= Beginning of Section =

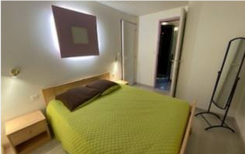
Crédit photo : Gîtes de la Petite Boynarde 1 (Camping Les Peupliers)
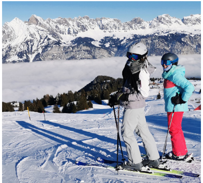
Beste Bedingungen über dem Nebelmeer
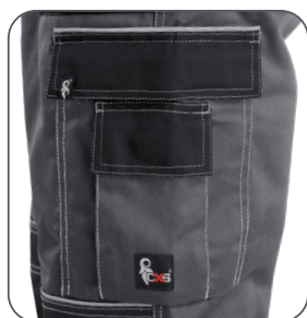
multifunkční kapsy multifunctional pockets kieszenie wielofunkcyjne
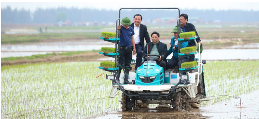
Thủ tướng Chính phủ Phạm Minh Chính trực tiếp ngồi máy cấy để điều khiển cấy lúa trên cánh đồng

Sau khi nghe báo cáo về tình hình sản xuất lúa vụ Đông Xuân 2024 và việc ứng dụng cơ giới hóa trong gieo cấy lúa, mô hình ứng dụng nông nghiệp công nghệ cao trong sản xuất lúa (cánh đồng
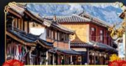
เมืองโบราณโปซซา
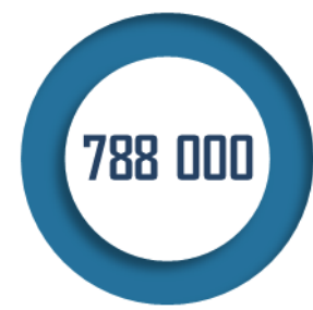
Participants aux JDC attendus en 2022

Les moyens alloués à la JDC par le programme 169 s'élèvent à 20,36 millions d'euros pour 2022, soit une augmentation de 2,54 millions d'euros, qui permettra principalement de prendre en compte la revalorisation de l'indemnité de déplacement versée aux participants. Ces crédits ne financent toutefois que les dépenses dédiées à la préparation et à l'organisation des journées , le reste des moyens étant issus de la mission « Défense » du budget de l'État, ce qui n'est pas source d'une parfaite lisibilité des crédits budgétaires consacrés à ce dispositif.
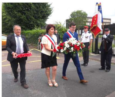
Dépôt de gerbes devant la stèle
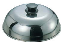
① 18-0 PC柄 お好み焼きカバー
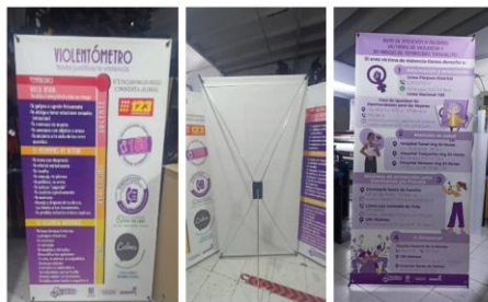
Pendón Violentómetro (Factor Ponderable)
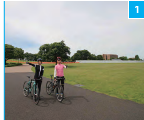
1 武蔵野の森公園 START

選手が2回通過する場所として注目されている交差点。写真右手側から尾根幹に入る集団は、交通規制された一方通行を逆走する形で右折。その後、聖ヶ丘・馬引沢エリアを抜け、今度は写真左側から手前方向へと右折して進む
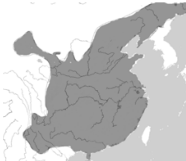
L'extensió de la dinastia Ming

Els tibetans van seguir sent un problema al llarg del seu regnat i successives campanyes xineses al 1377 i 1379 van acabar amb la mort o captura de desenes de milers de tibetans i amb la captura d'ingents quantitats de bestiar a la Xina. Als anys 80, la nova dinastia va aconseguir implantar-se definitivament al Yunnan –on tropes mongols i una proporció considerable de turcs i musulmans (duts pels mongols a aquesta regió) governaven sobre una població essencialment no xinesa-, i va reagrupar les àrees marginals que quedaven entre Yunnan i Guangxi en la nova província de Guizhou.
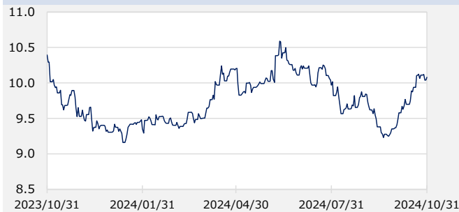
FTSE WGBIメキシコ国債 最終利回り（%）
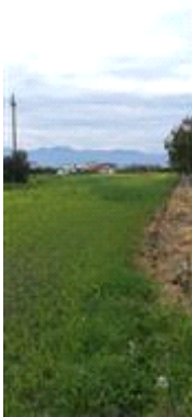
Terreno Lotto 3 vista da Sud verso Nord

Presenta una forma rettangolare, un'orografia pianeggiante, i seguenti sistemi irrigui: inesistente, sono state rilevate le seguenti colture arboree: seminativo ,Il terreno
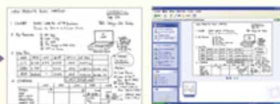
(黑白列印·快速瀏覽) (數位傳輸·資料儲存)
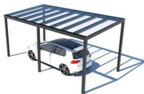
Carport – 1 místo

= End of Section =

» What you need to do
Extract the run of lines beginning with the line that holds "Dépôt de gerbes devant la stèle" and ending at the last line of the data, inclusive. Exclude any pictures from the copy.

» Exercise answer
Dépôt de gerbes devant la stèle
① 18-0 PC柄 お好み焼きカバー
Pendón Violentómetro (Factor Ponderable)
1 武蔵野の森公園 START

選手が2回通過する場所として注目されている交差点。写真右手側から尾根幹に入る集団は、交通規制された一方通行を逆走する形で右折。その後、聖ヶ丘・馬引沢エリアを抜け、今度は写真左側から手前方向へと右折して進む
L'extensió de la dinastia Ming

Els tibetans van seguir sent un problema al llarg del seu regnat i successives campanyes xineses al 1377 i 1379 van acabar amb la mort o captura de desenes de milers de tibetans i amb la captura d'ingents quantitats de bestiar a la Xina. Als anys 80, la nova dinastia va aconseguir implantar-se definitivament al Yunnan –on tropes mongols i una proporció considerable de turcs i musulmans (duts pels mongols a aquesta regió) governaven sobre una població essencialment no xinesa-, i va reagrupar les àrees marginals que quedaven entre Yunnan i Guangxi en la nova província de Guizhou.
FTSE WGBIメキシコ国債 最終利回り（%）
Terreno Lotto 3 vista da Sud verso Nord

Presenta una forma rettangolare, un'orografia pianeggiante, i seguenti sistemi irrigui: inesistente, sono state rilevate le seguenti colture arboree: seminativo ,Il terreno
(黑白列印·快速瀏覽) (數位傳輸·資料儲存)
Carport – 1 místo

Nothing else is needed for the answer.